[[ Given records open ]]

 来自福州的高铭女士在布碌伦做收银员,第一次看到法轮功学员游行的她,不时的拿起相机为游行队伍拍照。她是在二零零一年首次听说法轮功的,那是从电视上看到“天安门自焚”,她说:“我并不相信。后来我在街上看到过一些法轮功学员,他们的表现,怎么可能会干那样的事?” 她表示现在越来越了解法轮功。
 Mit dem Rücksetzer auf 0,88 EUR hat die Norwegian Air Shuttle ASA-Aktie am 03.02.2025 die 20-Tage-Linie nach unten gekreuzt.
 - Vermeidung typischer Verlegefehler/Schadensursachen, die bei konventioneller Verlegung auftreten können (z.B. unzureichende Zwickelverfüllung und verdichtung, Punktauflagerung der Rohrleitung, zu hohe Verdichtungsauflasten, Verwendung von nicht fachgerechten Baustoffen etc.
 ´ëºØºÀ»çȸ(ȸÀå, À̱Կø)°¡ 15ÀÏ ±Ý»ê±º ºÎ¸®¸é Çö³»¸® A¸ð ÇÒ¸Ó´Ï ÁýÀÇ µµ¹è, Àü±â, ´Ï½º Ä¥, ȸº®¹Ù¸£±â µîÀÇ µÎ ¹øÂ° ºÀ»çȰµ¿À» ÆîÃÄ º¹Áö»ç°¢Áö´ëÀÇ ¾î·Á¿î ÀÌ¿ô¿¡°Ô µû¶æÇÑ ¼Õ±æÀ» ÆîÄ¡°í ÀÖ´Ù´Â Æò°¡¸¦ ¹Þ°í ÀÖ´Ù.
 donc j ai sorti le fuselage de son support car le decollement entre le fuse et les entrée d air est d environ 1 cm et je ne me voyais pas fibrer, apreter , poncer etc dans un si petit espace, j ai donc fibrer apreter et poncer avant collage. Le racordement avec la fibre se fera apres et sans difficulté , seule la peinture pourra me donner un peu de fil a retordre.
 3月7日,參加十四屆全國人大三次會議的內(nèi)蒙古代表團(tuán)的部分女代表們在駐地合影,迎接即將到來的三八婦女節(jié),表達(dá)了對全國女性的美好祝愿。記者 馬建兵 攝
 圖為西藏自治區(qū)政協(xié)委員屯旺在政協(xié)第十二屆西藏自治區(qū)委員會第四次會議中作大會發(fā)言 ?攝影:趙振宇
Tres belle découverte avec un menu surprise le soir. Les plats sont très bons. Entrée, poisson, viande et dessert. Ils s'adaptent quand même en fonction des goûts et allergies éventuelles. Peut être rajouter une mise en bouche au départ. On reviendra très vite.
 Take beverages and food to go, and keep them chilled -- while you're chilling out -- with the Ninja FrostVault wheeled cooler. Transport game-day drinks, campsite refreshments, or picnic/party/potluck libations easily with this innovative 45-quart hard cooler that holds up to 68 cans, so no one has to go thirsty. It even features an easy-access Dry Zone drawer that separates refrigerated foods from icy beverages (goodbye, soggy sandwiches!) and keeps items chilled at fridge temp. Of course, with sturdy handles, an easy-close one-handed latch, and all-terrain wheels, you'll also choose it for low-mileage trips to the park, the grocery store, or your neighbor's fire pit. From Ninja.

[[ Given records closed ]]
[[ Given records open ]]

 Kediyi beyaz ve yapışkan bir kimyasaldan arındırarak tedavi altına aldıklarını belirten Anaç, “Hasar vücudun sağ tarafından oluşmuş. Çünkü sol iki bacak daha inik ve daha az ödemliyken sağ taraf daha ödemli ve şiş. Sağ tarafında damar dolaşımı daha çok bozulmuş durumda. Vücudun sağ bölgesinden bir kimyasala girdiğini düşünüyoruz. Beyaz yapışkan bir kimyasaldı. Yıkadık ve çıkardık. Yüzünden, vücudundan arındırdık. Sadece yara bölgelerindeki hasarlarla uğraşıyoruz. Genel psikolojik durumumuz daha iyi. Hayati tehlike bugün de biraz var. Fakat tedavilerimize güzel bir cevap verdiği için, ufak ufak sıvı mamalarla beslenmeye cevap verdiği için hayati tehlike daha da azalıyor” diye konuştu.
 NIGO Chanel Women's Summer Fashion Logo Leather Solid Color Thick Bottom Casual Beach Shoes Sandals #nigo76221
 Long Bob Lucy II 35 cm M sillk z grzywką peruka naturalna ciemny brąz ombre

[[ Given records closed ]]
[[ Given records open ]]

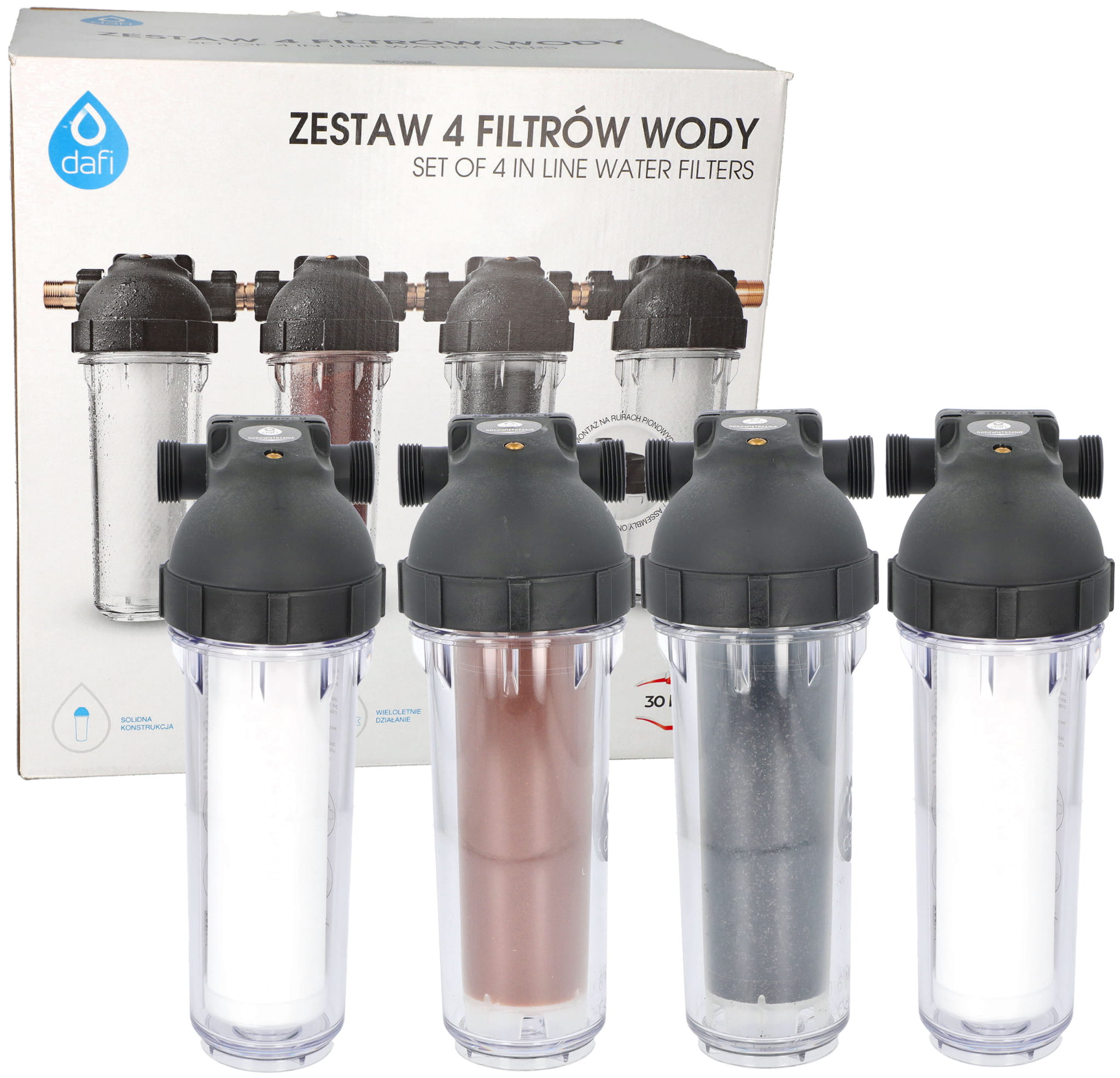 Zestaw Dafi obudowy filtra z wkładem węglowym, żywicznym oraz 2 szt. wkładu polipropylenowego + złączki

[[ Given records closed ]]

◆ Activity: Take exactly the lines from the one containing "来自福州的高铭女士在布碌伦做" through the one containing "- Vermeidung typischer" in the data above, and output them with nothing added.

◆ Completed task:
 来自福州的高铭女士在布碌伦做收银员,第一次看到法轮功学员游行的她,不时的拿起相机为游行队伍拍照。她是在二零零一年首次听说法轮功的,那是从电视上看到“天安门自焚”,她说:“我并不相信。后来我在街上看到过一些法轮功学员,他们的表现,怎么可能会干那样的事?” 她表示现在越来越了解法轮功。
 Mit dem Rücksetzer auf 0,88 EUR hat die Norwegian Air Shuttle ASA-Aktie am 03.02.2025 die 20-Tage-Linie nach unten gekreuzt.
 - Vermeidung typischer Verlegefehler/Schadensursachen, die bei konventioneller Verlegung auftreten können (z.B. unzureichende Zwickelverfüllung und verdichtung, Punktauflagerung der Rohrleitung, zu hohe Verdichtungsauflasten, Verwendung von nicht fachgerechten Baustoffen etc.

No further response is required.